You might want to initialize the concentration of one or more of the substances in your simulation. In this tutorial we shall take a look on how to do so.

Tutorial by example

Go into the test/system/substance_initialization/src directory and open the source file substance_initialization.h in your favorite editor.

1. List the substance(s)

We start the code off by listing the substances we will use in our simulation in an enum data structure. In this example we just create one substance.

enum Substances { kSubstance };

2. Specify the space dimensions

We bound our space to keep things simple.

param->bound_space = kClosed;
param->min_bound = -100;
param->max_bound = 100;

3. Create a cell

We create one cell with diameter 10, at a random location

auto construct = [](const Real3& position) {
  Cell* cell = new Cell(position);
  cell->SetDiameter(10);
  return cell;
};
ModelInitializer::CreateAgentsRandom(param->min_bound, param->max_bound, 1,
                                    construct);

4. Define the substance(s)

We define the diffusion parameters of the substance(s) in our simulation. We choose a diffusion coefficient of 0.5, a decay constant 0f 0 and a resolution of 20.

ModelInitializer::DefineSubstance(kSubstance, "Substance", 0.5, 0, 20);

5. Initialize the substance(s)

Now comes the most important part of the tutorial: initializing our substance(s) concentration values through the space. We will use the function ModelInitializer::InitializeSubstance for this purpose. In this example we initialize our substance according to a Gaussian distribution.

ModelInitializer::InitializeSubstance(kSubstance, "Substance",
                                      GaussianBand(0, 5, Axis::kXAxis));

Let's break this down. We first pass the substance enum id and name in the function in order to specify which substance we want to initialize. Then we simply pass the model we want to initialize the substance with (we call these "initializers"). In this case we choose for a GaussianBand with a mean value of 0 along the x-axis, and a variance of 5.

The result (visualized with ParaView) is the following:

GaussianBand

Creating a custom substance initializer

In this tutorial you have seen how to initialize a substance's concentration values with the GaussianBand initializer. Of course this is not the only model to initialize a substance with. We have several predefined initializers available in BioDynaMo, and you can create your own.

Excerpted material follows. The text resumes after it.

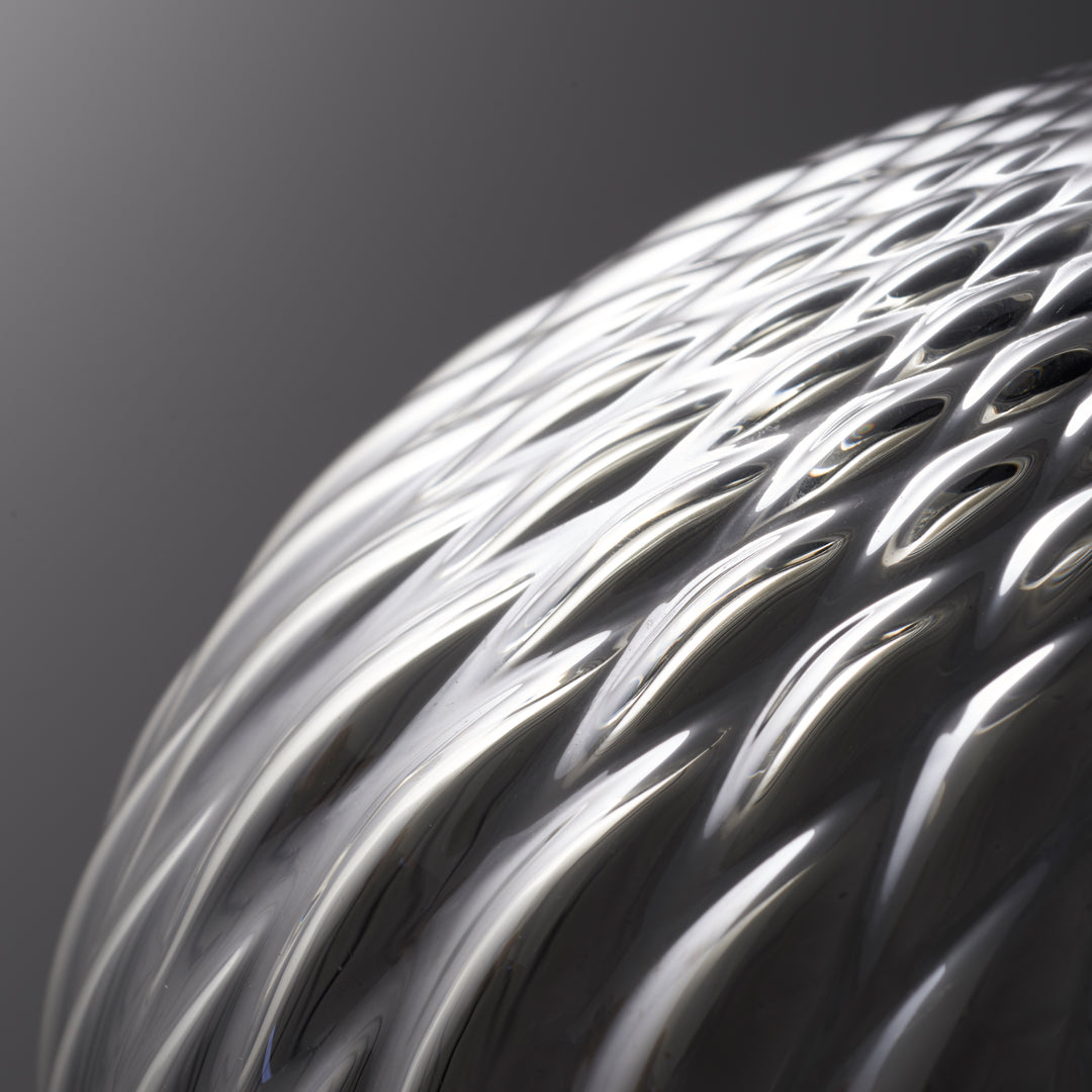 La texture du verre a été initialement obtenue par conception assistée par ordinateur (CAO) afin de contrôler précisément le gonflement de chaque bulle. Lors de la production, le verre est soufflé dans un moule et fabriqué à la main par des artisans qualifiés. Le système de suspension est en métal moulé thermolaqué et équipé d'un fil de sécurité qui soutient le poids de la suspension. Ce fil sert également de point d'équilibre pour garantir une suspension toujours horizontale.

Let's take a look at an existing substance initializer.

Option 1: Functors

struct GaussianBand {
  real_t mean_;
  real_t sigma_;
  uint8_t axis_;

  GaussianBand(real_t mean, real_t sigma, uint8_t axis) {
    mean_ = mean;
    sigma_ = sigma;
    axis_ = axis;
  }

  real_t operator()(real_t x, real_t y, real_t z) {
    switch(axis_) {
      case Axis::kXAxis: return ROOT::Math::normal_pdf(x, sigma_, mean_);
      case Axis::kYAxis: return ROOT::Math::normal_pdf(y, sigma_, mean_);
      case Axis::kZAxis: return ROOT::Math::normal_pdf(z, sigma_, mean_);
      default: throw std::logic_error("You have chosen an non-existing axis!");
    }
  }
};

The above code is what is called a 'functor' in C++. Here it basically describes the model or operation that you want to perform on the entire diffusion space. In the constructor we save the mean, variance and orientation axis, so that this initializer can be used generically. The operator tells BioDynaMo what the concentration value should be for x, y, and z. BioDynaMo will make sure that your operator is executed over the whole simulation space. In this example we make use of a function that models the normal (i.e. Gaussian) probability density function.

Option 2: Lambdas

Functors are nice if you want to create a generic model that you can apply for several input variables (e.g. different means, sigmas in the above example). But you might want to just keep it short and simple; in which case lambdas are nice to use. We can accomplish exactly the same result as the above example with the following lambda:

auto gaussian_band = [](real_t x, real_t y, real_t z) {
  return ROOT::Math::normal_pdf(x, 5, 0);
};

Much simpler right? As you can see we have hard-coded some of the variables that we had generalized in our functor. So depending on your use case or preference, lambdas might be the way to go.